Emery’nin karnesi: Değişim zaman ister…

Uzaklardan…

Taraftar ahalisinin geneli ilk sezonunda hocadan başarı bekler, bizim coğrafyada şarkısı bile var: “Şampiyon yap bizi, cehennemde yak bizi!” Oysa teknik direktörlerin yeni kulüplerindeki ilk sezonu alışma-değişim sezonu olarak geçer. Taraftar bekleyedursun onlar takımı tanımaya çalışır, çıkışı zamana bırakır…

Hatırlayın, Jurgen Klopp’un ilk sezonunda Liverpool sezonu 8. sırada bitirirken Avrupa Lig’inin finaline kadar yükselmiş ama kupayı kazanamamıştı. Ligin son maçında evlerinde West Brom’a karşı aldıkları beraberlik buruk bir sevinç olarak hafızalara kazındı o sezon. Yakın şehrin takımı Manchester City’nin başında Pep Guardiola da ilk sezonunda benzer akıbeti yaşadı. Takımı ligi ancak ilk dört içinde bitirirken Şampiyonlar Ligine son 16’da veda ediyor, son maçta Everton karşında farklı kaybediyordu…

Diyeceğim o ki, teknik direktörün ihtiyacı ilk aşamada zaman, sonrası tadilat, tamirat. Tıpkı o enfes televizyon programı gibi. Örnekleri Klopp ve Guardiola. Wenger sonrası Arsenal’de göreve gelen Emery sezon başında hedeflerini şöyle açıklıyordu, rakibe göre farklı formasyonlara uyum sağlamak, ilk altı içindeki takımlara karşı daha iyi sonuçlar ve yeniden Şampiyonlar Lig’inde boy göstermek. İlk sezonundaki karnesine bakarak, hedeflerin ikisinde başarılı 47 yaşındaki İspanyol, ilk altı içindeki takımlarla başa baş mücadele etti takımı, Tottenham, Manchester United, Chelsea ve Avrupa’da Napoli’yi devirirken o maçlarda 10 gol buluyordu. Sezonun ilk yarısındaki 23 maçlık yenilmezlik serisi umutlandırmıştı sevdalılarını. Ancak son hedefinde umduğunu bulamadı, malum takımın deplasman karnesi en iyimser Arsenal taraftarını bile endişeye gark eder. Bu sezon evinden ırak 8 mağlubiyet almış, son üç deplasmandan eli boş dönmüş takımdan söz ediyoruz sonuçta. Takımın bariz sorunu savunmada, hocalık kariyeri boyunca dörtlü savunmayı tercih eden Emery savunmasındaki zaafları gördüğü için beşli savunmaya döndü ama Bellerin’in sakatlığı nedeniyle sezonu kapatması, savunmanın ortasında Mustafi ve Sokratis’in acemilikleri, defansif orta saha görevini yüklenmesi gereken Xhaka’nin yetersizliği, yedek kulübesinin kısıtlılığı Emery’nin sıkıntıları…

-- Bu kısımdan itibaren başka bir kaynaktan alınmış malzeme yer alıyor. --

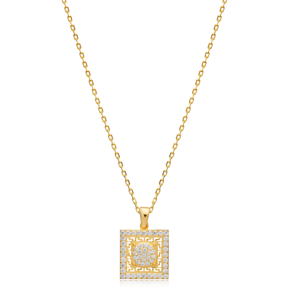 Clear CZ Square Geometric Charm Necklace Silver Jewelry Silver Jewelry Fine Handmade Jewellery
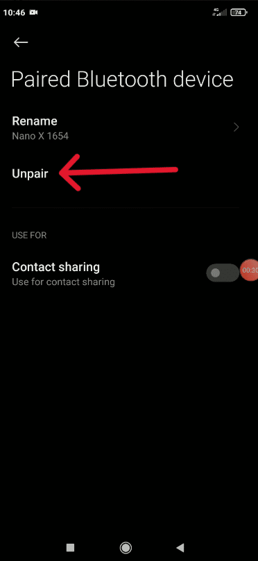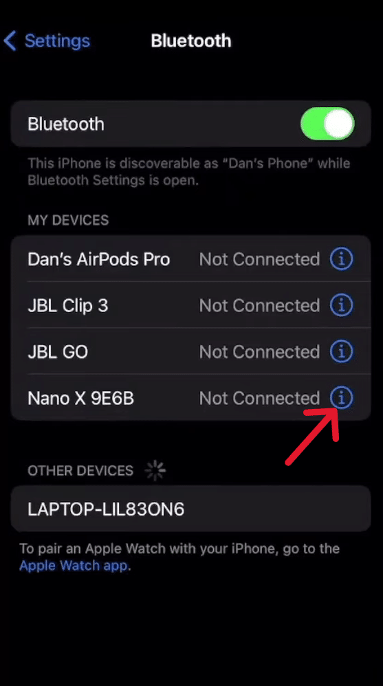 ペアリング履歴に移動し、Ledger デバイス名 (Ledger Nano X など) を見つけます。
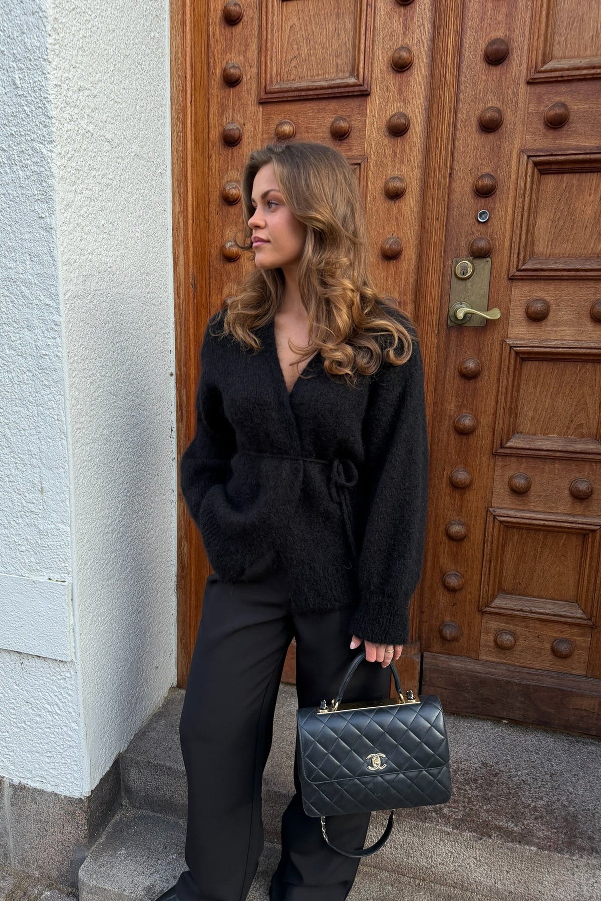 Ida Wrap Cardigan Black er en luksuriøs og myk cardigan fra BYIC, utført i en delikat mohairblanding. Denne modellen henter inspirasjon fra den populære Ida-serien og kommer her i et elegant omslagsdesign som knytes i midjen. Det medfølgende beltet markerer midjen og skaper en feminin silhuett, mens de lange ermene med en diskret ballongfasong gir plagget et sofistikert uttrykk.
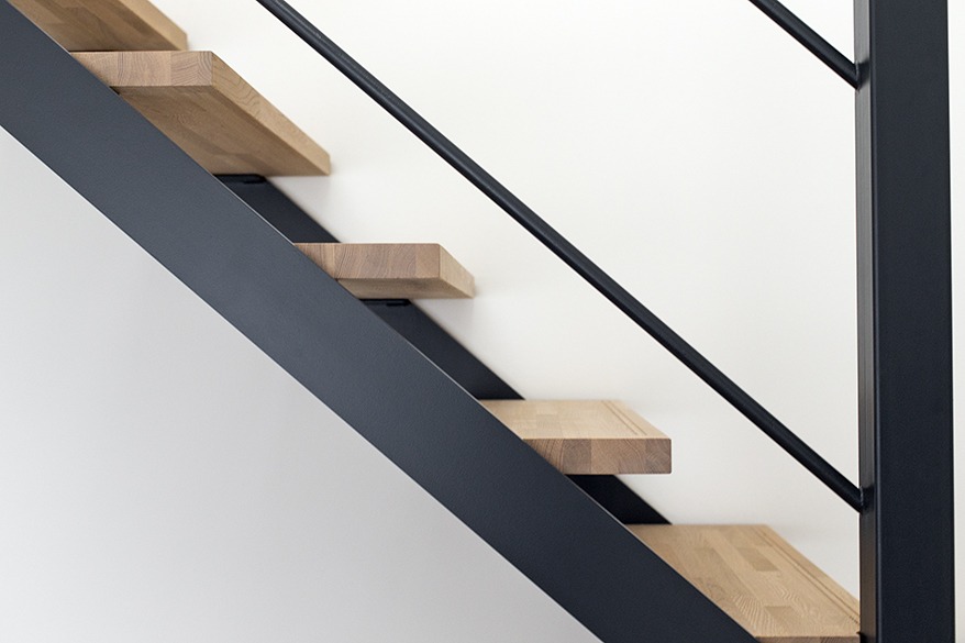 玄関をあけると目に入るアイアンの造作階段や
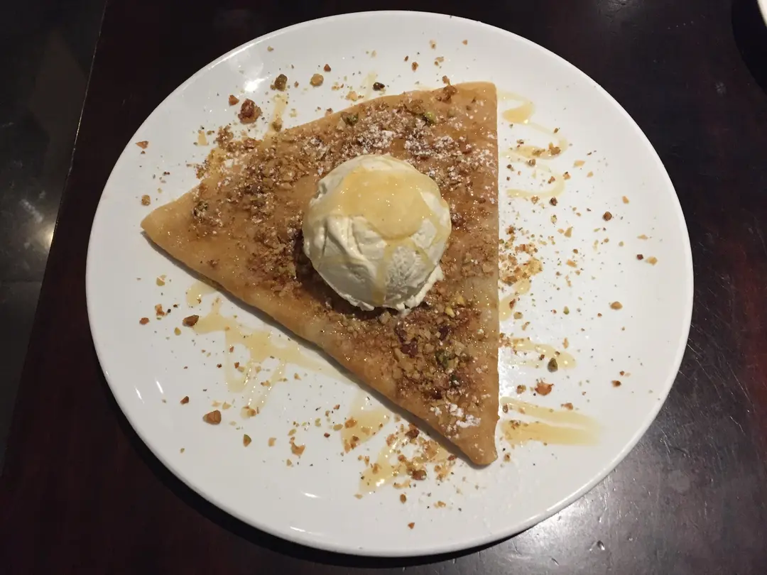 開心果、核桃及蜂巢配香草雪糕法式薄餅
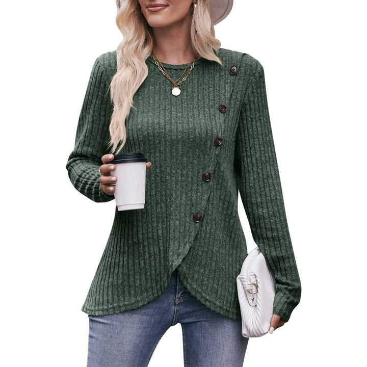 Women's Round-neck Sunken Stripe Brushed Tulip Hem Solid Color Button T-shirt

Bitime bir kala Emery’nin takımı evinde düşmekten kıl payı kurtulmuş Brighton & Hove Albion karşısında. Manchester United’ın ilk dört umudunun kaybolduğu, Tottenham’ın sezonun 13. mağlubiyetini aldığı haftada Arsenal üç puanı kapıp son maçta rakiplerin puan kaybetmesini bekleyecek, sevdalıları adına ummak ve beklemekle geçen bir sezon daha. Emery, Tottenham deplasmanında son dakikada kaçan penaltıya, puansız geçen son üç deplasmana, evlerinde kaybettikleri Crystal Palace maçına hayıflanıyordur muhtemel.

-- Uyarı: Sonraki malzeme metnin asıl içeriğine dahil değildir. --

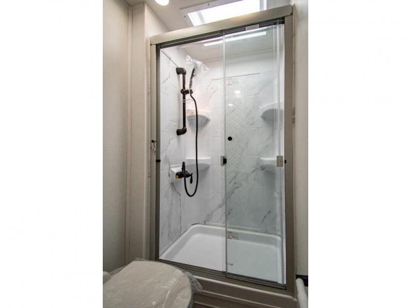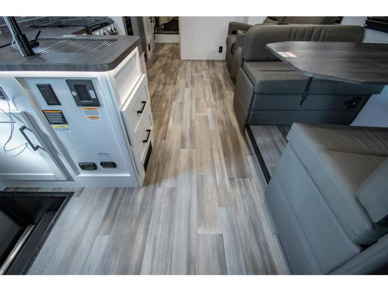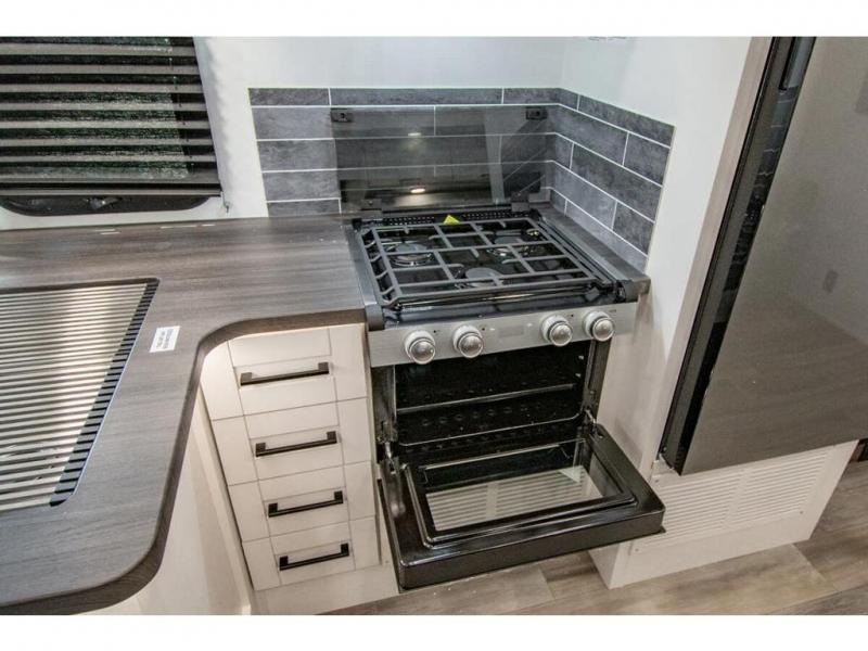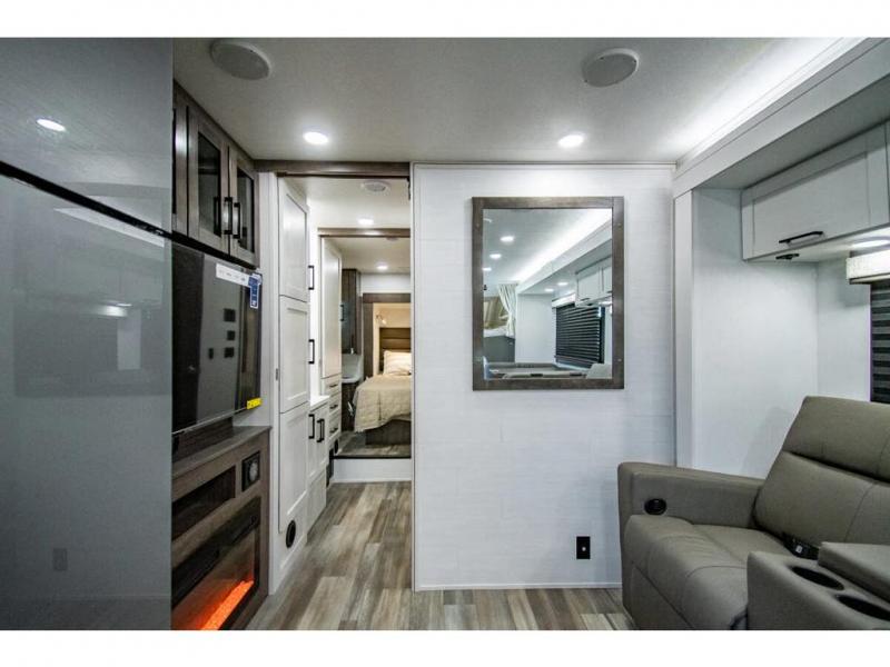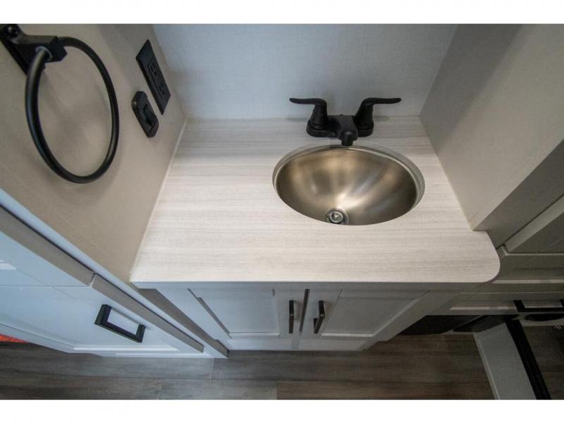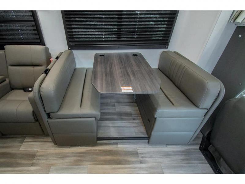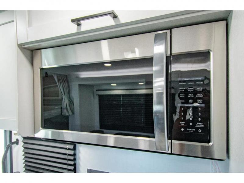 Relax inside while sitting on the sofa, at the booth dinette or on the swivel captains chairs while enjoying the fireplace and 50" TV, or unwind outside under the 18' electric awning while watching the exterior TV. After shopping in town or hiking the trails you can get cleaned up in the private toilet and shower room then brush your teeth in the bathroom sink a few steps outside the door. The private bedroom includes a space saving sliding door, a unique rear queen bed slide, plus storage. The cook will enjoy making meals using the residential-size microwave and Furrion all-in-one cooktop and oven, then storing leftovers in the 8 cu. ft. refrigerator. And the L-shaped counter with sink will come in handy.

4-3-3 dizilişinde ev sahibi, hücumda Özil, Lacazette, Aubameyang üçlüsü. Henüz ilk dakikada Mkhitaryan’nın vuruşunda direk gole izin vermiyor. Ama 10. dakikada golü buluyorlar, Monreal’in ceza sahasında düşürülmesi sonucu kazanılan penaltıyı gole çeviren Aubameyang. Golden sonra sabırla tempoyu ayarlayan Arsenal ama pozisyon üretemiyor. 17’de ilk tehlikeli atağını geliştiriyor misafir takım, Gross’un vuruşu baraja takılıyor. Üçüncü bölgede etkili, savunmada ağır Arsenal 26’da bir tehlike daha atlatıyor, emektar forvet Murray’nin kafa vuruşu kaleci Leno’da kalıyor. 38’de Monreal’in soldan ortasına Aubameyang’ın vuruşunu uzanarak çeliyor Brighton kalecisi Ryan. Arsenal topa yüzde 69 oranında sahip olduğu ama fazla pozisyon üretemediği devreyi önde kapatıyor.

İkinci devreye baskılı başlıyor Brighton, arka arkaya kullandıkları kornerlerden sonuç alamıyorlar. Onların da sıkıntısı gol yollarında, küme düşen üç takımdan sonra en az gol (33) kaydeden takım. 56’da bu kez penaltıyı kazanan misafir takım, Xhaka’nın ceza sahasında gereksiz müdahalesi ve penaltıyı gole çeviren Murray. Gol uyandırıyor Arsenal’i, 74’te Aubameyang net fırsatı gole çeviremiyor. Son 15 dakikada üç değişiklik birden yapıyor Emery ama kalabalık rakip savunmayı açacak oyuncunun olmayışı sonuca yansıyor. Aldığı beraberlikle ilk dört şansını kaybediyor takımı, lider Liverpool’un 37 puan gerisinde, tek umut şimdi UEFA Avrupa Kupasında….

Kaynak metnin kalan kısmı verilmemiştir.